_TASK REQUIREMENTS:_ Find the line containing "フラットシーツ アメリカ仕入 B2962" in the listing below; reproduce it and every line after, exactly. Skip pictures.
BEGIN DATA SEGMENT
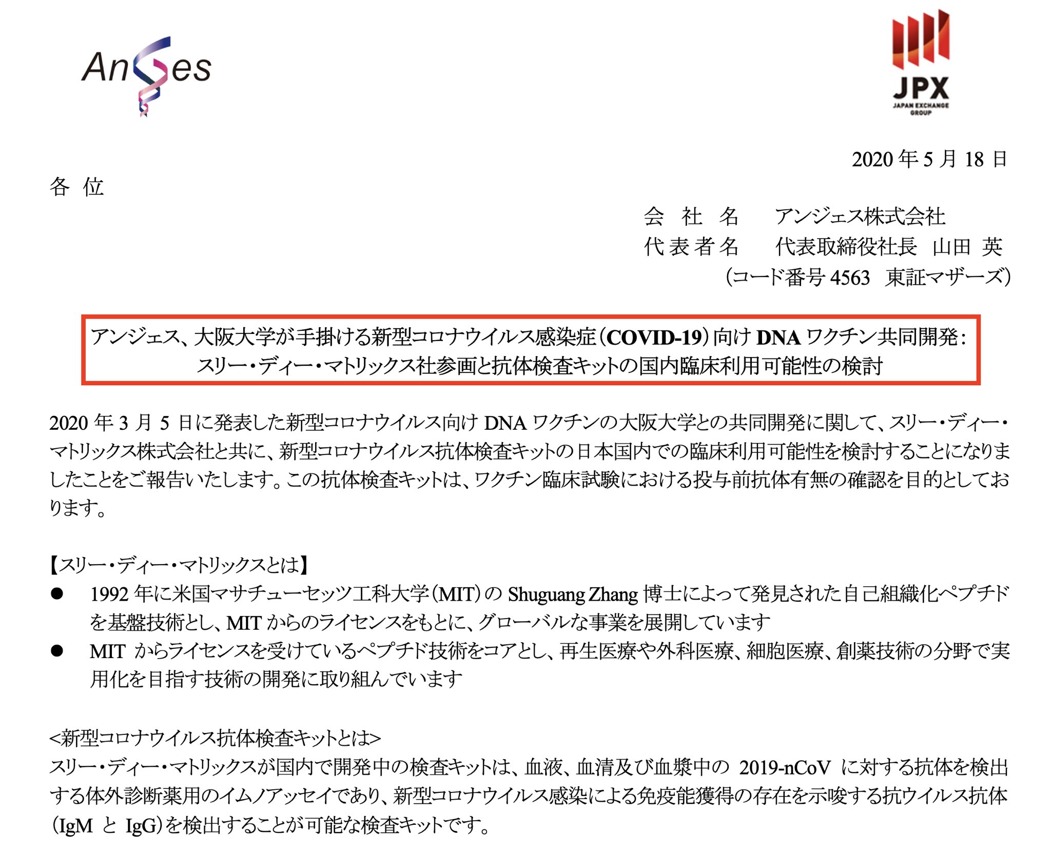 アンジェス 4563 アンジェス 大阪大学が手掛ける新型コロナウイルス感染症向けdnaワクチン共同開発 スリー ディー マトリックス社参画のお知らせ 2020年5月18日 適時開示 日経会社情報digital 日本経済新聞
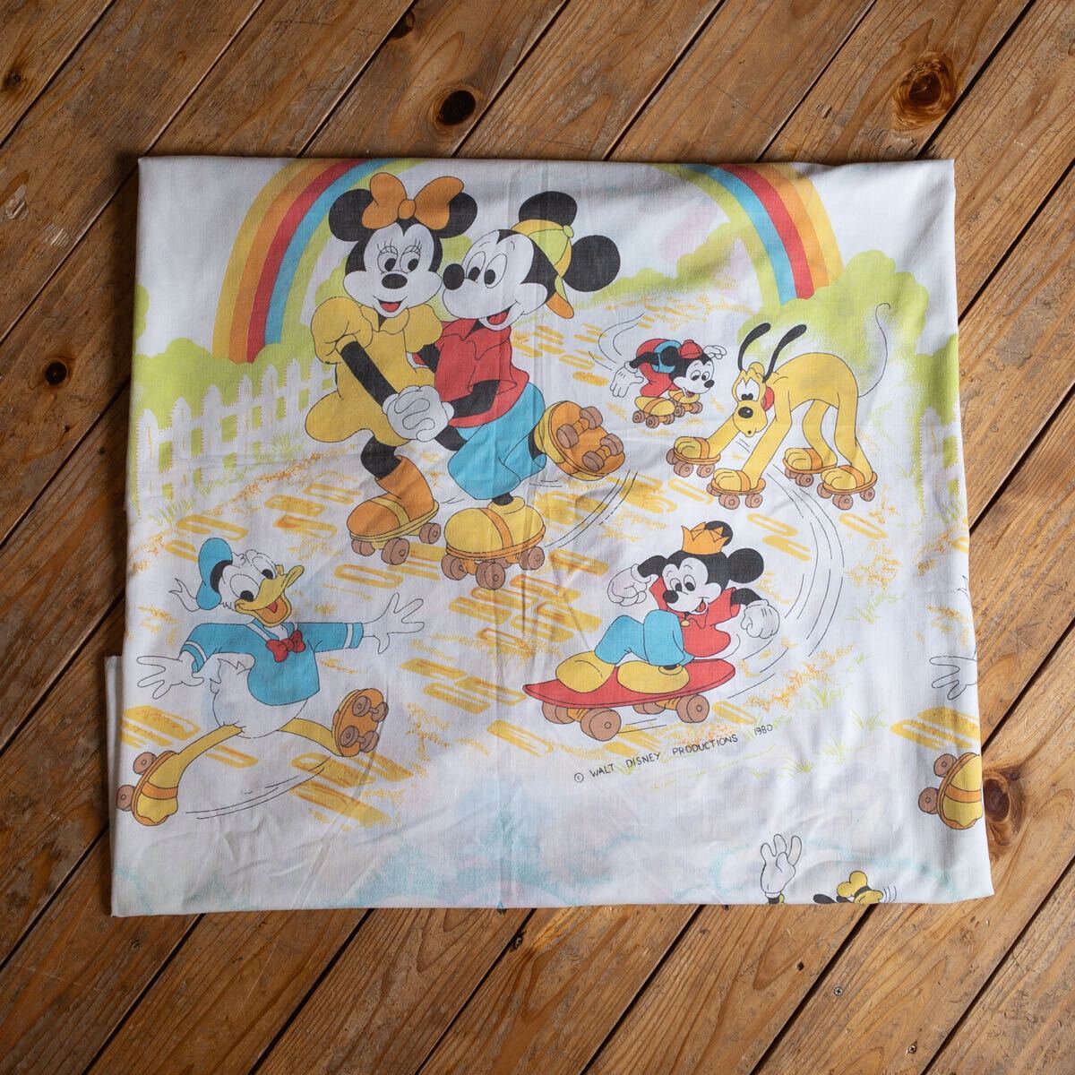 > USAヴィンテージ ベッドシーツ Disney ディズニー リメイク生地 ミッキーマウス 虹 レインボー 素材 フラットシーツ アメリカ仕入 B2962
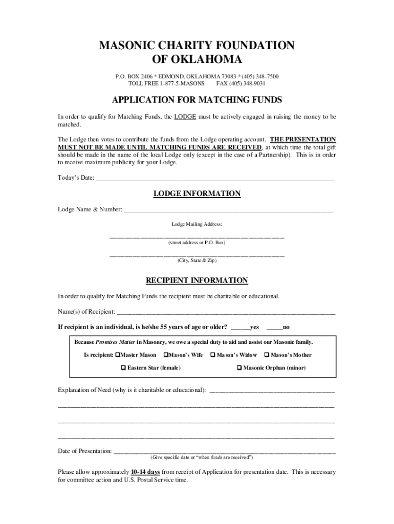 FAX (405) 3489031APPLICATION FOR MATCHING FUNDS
END DATA SEGMENT
_RESPONSE TO THIS EXERCISE:_
 > USAヴィンテージ ベッドシーツ Disney ディズニー リメイク生地 ミッキーマウス 虹 レインボー 素材 フラットシーツ アメリカ仕入 B2962
 FAX (405) 3489031APPLICATION FOR MATCHING FUNDS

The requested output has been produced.